_Task to carry out:_
Your answer is the line containing "2、在個人的頁面,需要點擊登錄的區(qū)域,彈出登錄選項界面。" plus every line after it through the end of the records, printed exactly and free of pictures.

_Dataset extract:_

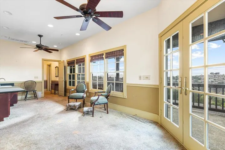 Perched above the valley on 2.27 acres of gently sloping land, this timeless Victorian-inspired residence offers a rare blend of architectural grace and rural serenity. With over 3,100 square feet of beautifully detailed living space, this peaceful country escape invites you to enjoy sweeping sunset views, modern comforts, and the freedom to raise animals or create your dream garden retreat. Step inside to discover soaring ceilings, vintage-style fixtures, and an inviting floor plan that balances warmth with grandeur. The main level features a sun-drenched den, a formal dining room framed by large windows, and a well-appointed kitchen with custom cabinetry and a nod to the home’s vintage character. The generous downstairs bedroom offers flexibility for guests or multi-generational living. Upstairs, the spacious primary suite serves as a private sanctuary—complete with panoramic views, plush carpeting, and an original clawfoot tub in the en suite bath. Two additional bedrooms provide peaceful spaces for rest or creativity. Step outside to soak in breathtaking sunset views from the balcony or entertain on the wraparound porch. The backyard features a garden-ready area, stone retaining walls, and ample space for animals and livestock—all set against a backdrop of open skies and rolling hills. Modern upgrades include central air conditioning, a fire sprinkler system, reinforced foundation for earthquake safety, and an HVAC system for year-round comfort. Located just minutes from downtown Ramona and Mountain Valley Ranch, this exceptional property combines Victorian charm with the relaxed lifestyle of San Diego’s countryside.
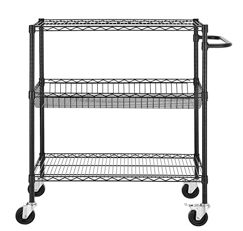 Excel ESC-361840P NSF Certified Heavy Duty Commercial Grade Wire Shelving Cart, 36 x 18 x 45", Black
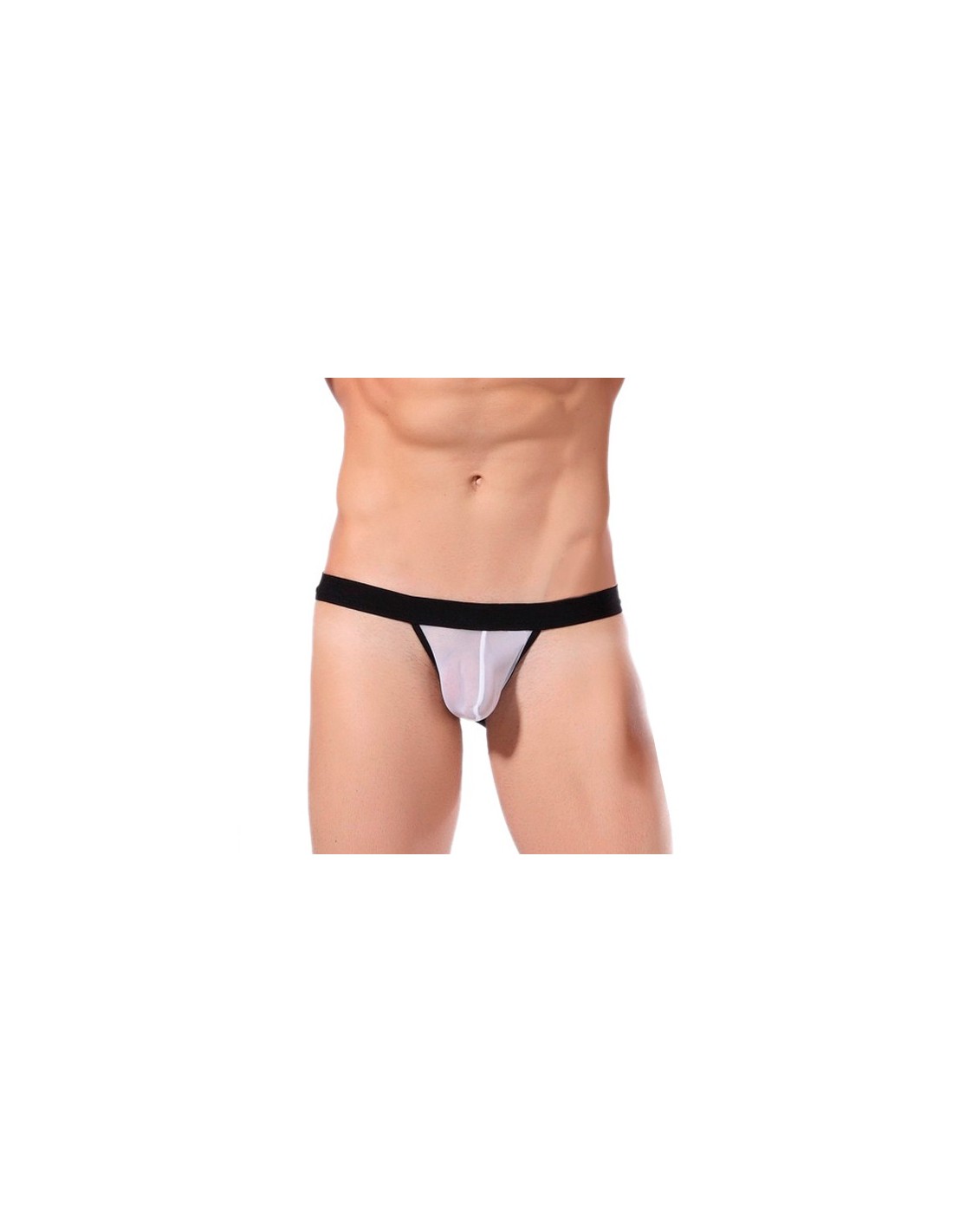 Suspensorio de color blanco combinado con negro. La cintura es ancha y elástica para acomodarse a tu cuerpo.
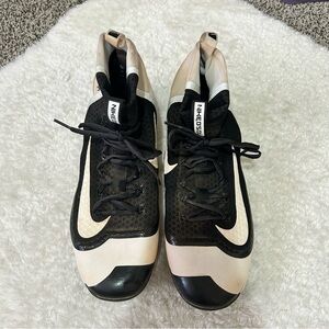 Black and white metal baseball cleats. High top
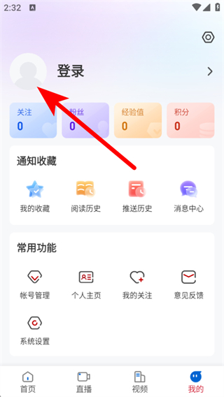 2、在個人的頁面,需要點擊登錄的區(qū)域,彈出登錄選項界面。
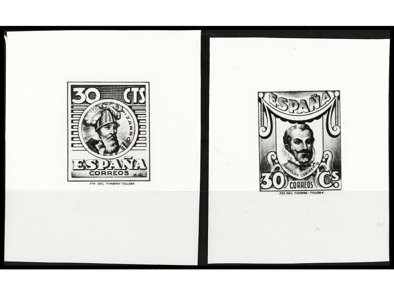 ESPAÑA. 2 PRUEBAS FOTOGRÁFICAS de modelos no adoptados con facial de 30 cts. de Hernán Cortés y Pizarro. (Image1) (Image2)

_Written response:_
 2、在個人的頁面,需要點擊登錄的區(qū)域,彈出登錄選項界面。
 ESPAÑA. 2 PRUEBAS FOTOGRÁFICAS de modelos no adoptados con facial de 30 cts. de Hernán Cortés y Pizarro. (Image1) (Image2)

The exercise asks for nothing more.